The original data transferred from log or business DB can be synchronized to the data warehouse by CDC (change data capture) tool in the traditional offline data warehouse. Using a set of unified Kafka to undertake this role can make the data more real-time into the data warehouse, also can unify the real-time and offline in this layer.

2. DW (data warehouse) layer

DW layer is generally divided into DWD layer and DWS layer

  • DWD (data warehouse detail) layer: detailed data layer. The data in this layer should be cleaned, clean and accurate. It contains the same information as ODS layer, but it follows the standard schema definition of data warehouse and database.
  • DWS (data warehouse service) layer: the summary data layer. This layer may be slightly aggregated, which may be the structural data of star or snowflake model. This layer has done some business layer calculations. Users can calculate the data required for data service based on this layer.

3. Ads (application data store) layer

Different from DWS, this layer of data services directly for users does not need to be calculated again, and it is the final data needed.
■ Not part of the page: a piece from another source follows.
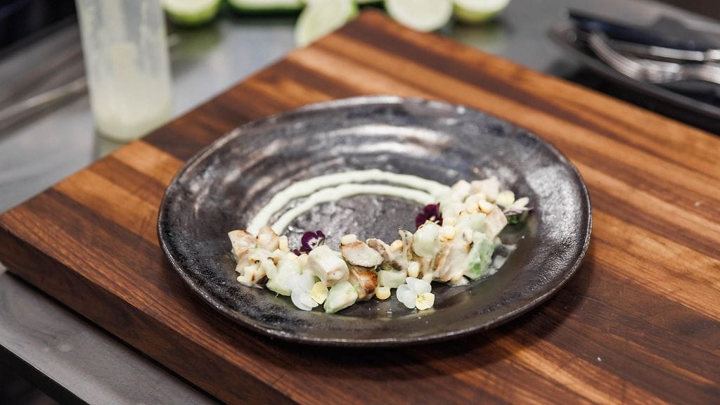 Sekoita tiikerinmaito ja kuutioidut raaka-aineet sekä maissi keskenään kulhossa. Tarkista suola ja happo ja lisää tarvittaessa suolaa sekä limenmehua.

It is mainly divided into two links:

  1. Business dB and log > Kafka > real time data warehouse (Kafka + dim dimension table) > Bi DB > Data Service
  2. Business dB and log > Kafka > hive metacore + HDFS > Bi DB > Data Service

The mainstream data warehouse architecture is still lambda architecture. Although lambda architecture is complex, it can cover the scenarios needed by the business, and it is the most flexible way for business.
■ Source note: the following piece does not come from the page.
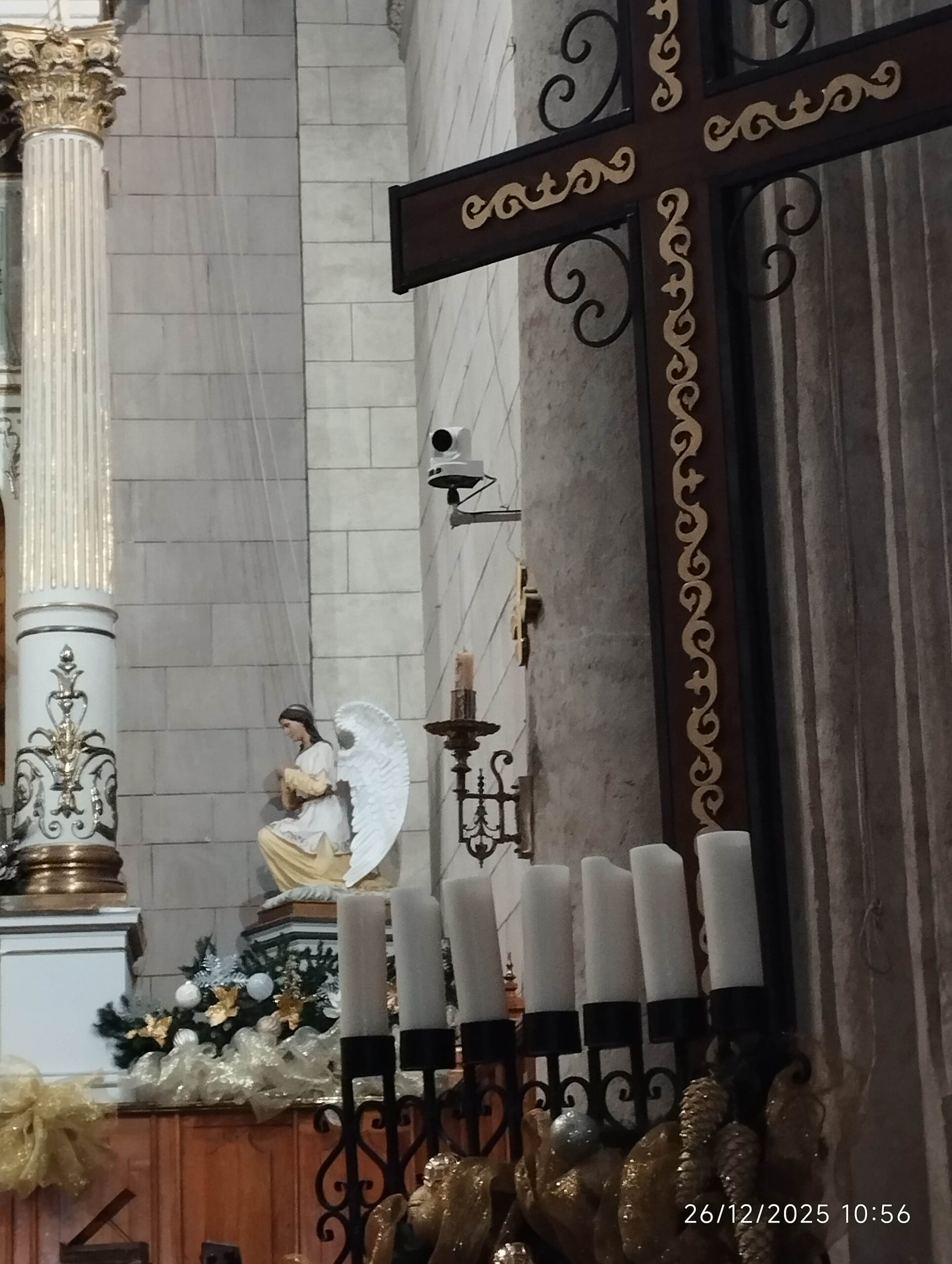 Sin embargo, conforme se avanza al altar, justo a los lados se cuenta con cámaras de última generación con audio e imágenes de alta resolución que se asemejan a las de reconocimiento facial y que apuntan directo al frente donde se llevan a cabo las homilías de los diferentes sacerdotes y el mismo obispo de la Diócesis de Saltillo, Hilario González García.

Lambda architecture is divided into two links:

  • Traditional offline data has the advantages of stability, complexity and flexibility. Running batch computing ensures T + 1 report generation and flexible ad hoc query.
  • Real time data warehouse provides data service with low delay. The traditional offline data warehouse often has the delay of T + 1, which makes the analysts unable to make some real-time decisions. However, the delay of the whole link of the real-time data warehouse is the lowest, even can reach the second level. This not only speeds up the analysis and decision-making, but also brings the possibility of more services, such as real-time monitoring and alarm. Flink’s strengths are real-time computing and streaming computing, and Kafka is the core of real-time data warehouse storage.

There are 1-9 edges in the icon above. Each edge represents the data conversion, which is the calculation of big data. In this paper, we will analyze these edges and explore the role Flink can play in it.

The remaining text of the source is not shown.